I'm not in a math class (haven't been in years) but if this question about $\textbf{Z}[\sqrt{-5}]$ appears in some textbook, I wouldn't be surprised.
What I have done: $$1 \times 7 + (3 - \sqrt{-5})(3 + \sqrt{-5}) = 21$$ shows that $\langle 3 + \sqrt{-5} \rangle \subset \langle 7, 4 + \sqrt{-5} \rangle$ and $$(-1) \times 7 + (4 - \sqrt{-5})(4 + \sqrt{-5}) = 14$$ shows that $\langle 4 + \sqrt{-5} \rangle \subset \langle 7, 3 + \sqrt{-5} \rangle$.
But I have this nagging feeling I have ignored some small but important detail.
Signs, plus or minus. That is the small but important detail you have overlooked. Try $$1 \times 7 + (-1)(4 - \sqrt{-5}) = 3 + \sqrt{-5}.$$ Thus $3 + \sqrt{-5} \in \langle 7, 4 - \sqrt{-5} \rangle$; $\langle 7, 3 + \sqrt{-5} \rangle = \langle 7, 4 - \sqrt{-5} \rangle$ and $\langle 7, 3 - \sqrt{-5} \rangle = \langle 7, 4 + \sqrt{-5} \rangle$.

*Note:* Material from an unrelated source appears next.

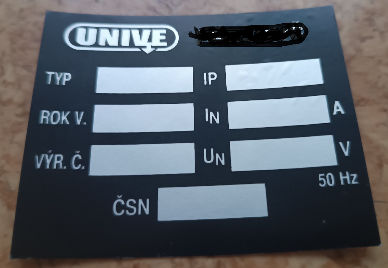 V devadesátkách jsme si zadali v jedný reklamce štítky na rozvaděče ve stovkách kusů. Je to Al samolepka tlustá 0,3 mm na který je sítotisk s vokýnkama, kde se údaj vyrazil razníkama. Jednu jsem právě zkoušel nalepit a lepidlo je furt OK. Reklamka ale už nefunguje asi 10 let, takže jiný info neseženu.

$7$ the number is irreducible though not prime in $\mathbb{Z}[\sqrt{-5}]$. But $\langle 7 \rangle$ the ideal has unique factorization into prime ideals, though those prime ideals may be represented in infinitely many different ways.
The demon's in the details. Mwahahahahahahahaha!